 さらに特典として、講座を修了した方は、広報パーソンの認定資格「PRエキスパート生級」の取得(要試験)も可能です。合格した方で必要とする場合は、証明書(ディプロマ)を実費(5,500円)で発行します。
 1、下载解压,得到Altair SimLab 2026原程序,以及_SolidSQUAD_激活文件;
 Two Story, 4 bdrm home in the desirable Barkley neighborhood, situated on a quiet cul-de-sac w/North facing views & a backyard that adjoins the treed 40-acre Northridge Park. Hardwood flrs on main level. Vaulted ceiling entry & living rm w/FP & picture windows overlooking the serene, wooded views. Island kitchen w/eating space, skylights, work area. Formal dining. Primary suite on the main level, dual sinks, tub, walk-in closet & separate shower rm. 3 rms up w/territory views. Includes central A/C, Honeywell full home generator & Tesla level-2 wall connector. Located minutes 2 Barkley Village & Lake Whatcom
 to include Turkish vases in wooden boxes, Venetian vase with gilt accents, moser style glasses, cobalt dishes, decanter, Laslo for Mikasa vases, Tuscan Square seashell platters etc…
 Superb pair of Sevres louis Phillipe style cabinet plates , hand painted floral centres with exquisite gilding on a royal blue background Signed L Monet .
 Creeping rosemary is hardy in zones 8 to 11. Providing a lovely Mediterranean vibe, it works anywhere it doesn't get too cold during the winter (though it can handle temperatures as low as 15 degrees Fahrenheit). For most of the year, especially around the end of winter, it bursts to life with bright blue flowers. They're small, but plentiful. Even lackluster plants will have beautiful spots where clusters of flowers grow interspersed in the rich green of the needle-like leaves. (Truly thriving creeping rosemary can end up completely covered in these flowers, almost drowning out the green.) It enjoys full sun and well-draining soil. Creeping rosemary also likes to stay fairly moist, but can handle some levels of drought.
▬▬▬▬▬▬▬▬▬▬
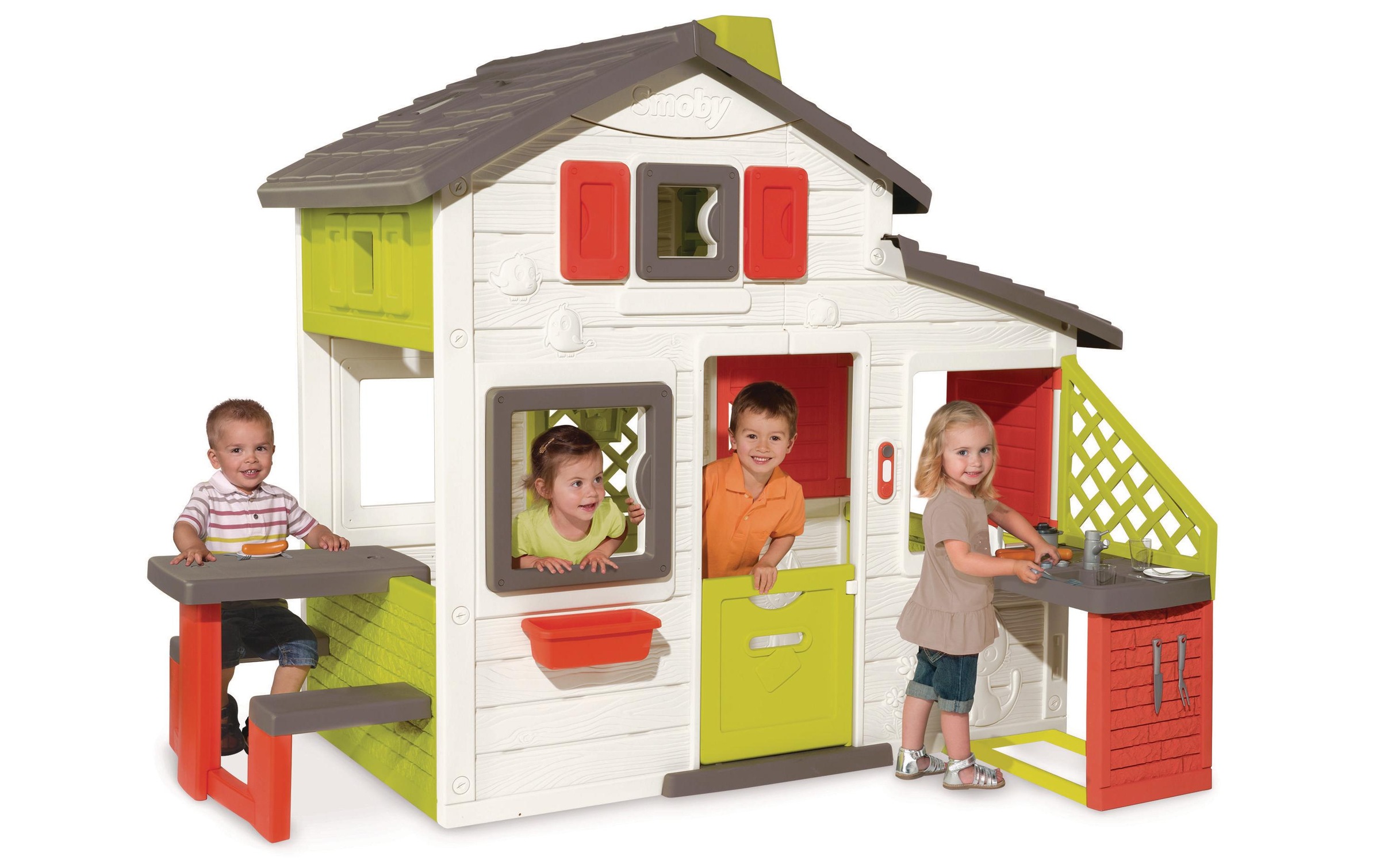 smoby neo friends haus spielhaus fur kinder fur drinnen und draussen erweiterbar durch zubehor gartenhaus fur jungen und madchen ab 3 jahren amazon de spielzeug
▬▬▬▬▬▬▬▬▬▬
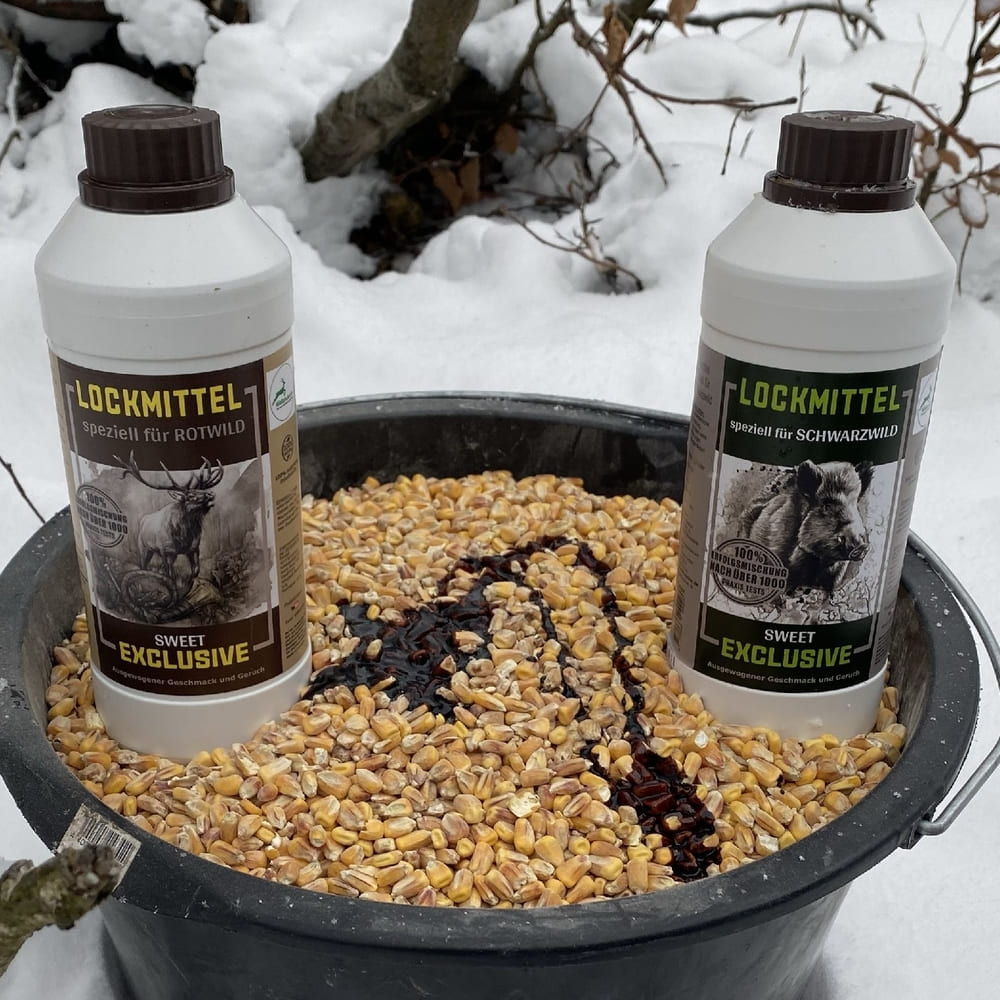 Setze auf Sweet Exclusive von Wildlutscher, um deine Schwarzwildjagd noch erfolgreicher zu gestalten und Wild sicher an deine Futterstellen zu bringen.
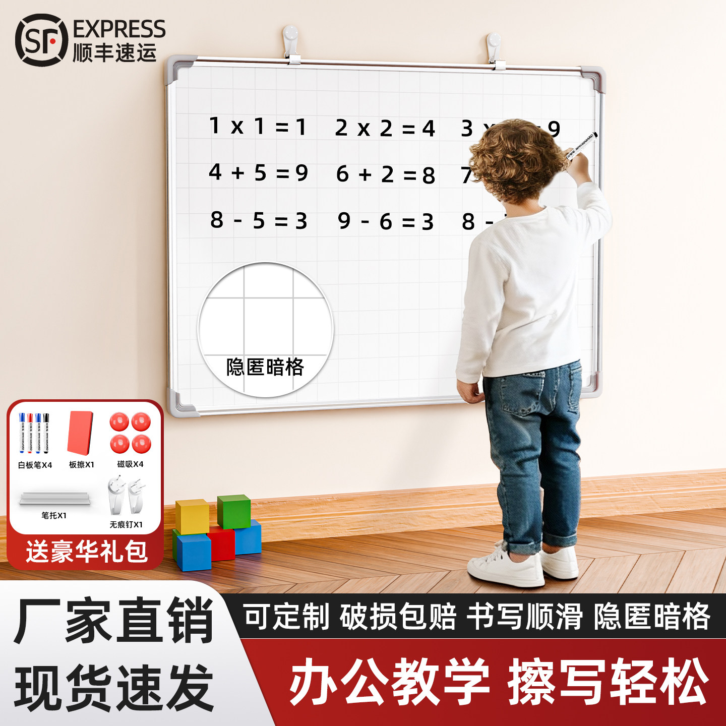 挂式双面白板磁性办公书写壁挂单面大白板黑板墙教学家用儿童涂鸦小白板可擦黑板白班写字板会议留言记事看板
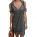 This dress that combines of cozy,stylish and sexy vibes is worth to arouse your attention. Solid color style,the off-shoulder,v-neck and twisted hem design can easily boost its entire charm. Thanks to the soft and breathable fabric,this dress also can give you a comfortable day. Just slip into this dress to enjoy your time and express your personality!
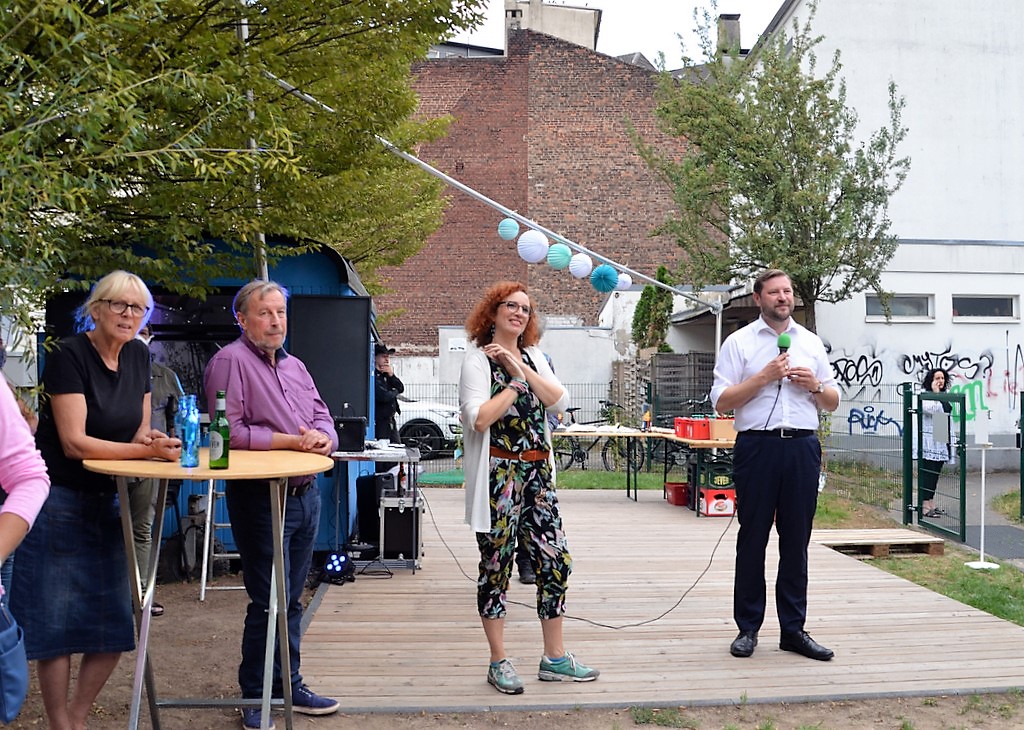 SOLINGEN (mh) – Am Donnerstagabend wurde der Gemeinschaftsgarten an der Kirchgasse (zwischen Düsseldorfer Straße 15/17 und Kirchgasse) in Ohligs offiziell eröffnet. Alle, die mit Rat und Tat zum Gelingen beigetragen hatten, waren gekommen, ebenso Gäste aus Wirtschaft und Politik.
▬▬▬▬▬▬▬▬▬▬
*What to do*: Give back, unchanged, the run of lines in the listing above that begins at the line containing "Two Story, 4" and ends at the line containing "Creeping rosemary is", both included.

*Exercise answer*:
 Two Story, 4 bdrm home in the desirable Barkley neighborhood, situated on a quiet cul-de-sac w/North facing views & a backyard that adjoins the treed 40-acre Northridge Park. Hardwood flrs on main level. Vaulted ceiling entry & living rm w/FP & picture windows overlooking the serene, wooded views. Island kitchen w/eating space, skylights, work area. Formal dining. Primary suite on the main level, dual sinks, tub, walk-in closet & separate shower rm. 3 rms up w/territory views. Includes central A/C, Honeywell full home generator & Tesla level-2 wall connector. Located minutes 2 Barkley Village & Lake Whatcom
 to include Turkish vases in wooden boxes, Venetian vase with gilt accents, moser style glasses, cobalt dishes, decanter, Laslo for Mikasa vases, Tuscan Square seashell platters etc…
 Superb pair of Sevres louis Phillipe style cabinet plates , hand painted floral centres with exquisite gilding on a royal blue background Signed L Monet .
 Creeping rosemary is hardy in zones 8 to 11. Providing a lovely Mediterranean vibe, it works anywhere it doesn't get too cold during the winter (though it can handle temperatures as low as 15 degrees Fahrenheit). For most of the year, especially around the end of winter, it bursts to life with bright blue flowers. They're small, but plentiful. Even lackluster plants will have beautiful spots where clusters of flowers grow interspersed in the rich green of the needle-like leaves. (Truly thriving creeping rosemary can end up completely covered in these flowers, almost drowning out the green.) It enjoys full sun and well-draining soil. Creeping rosemary also likes to stay fairly moist, but can handle some levels of drought.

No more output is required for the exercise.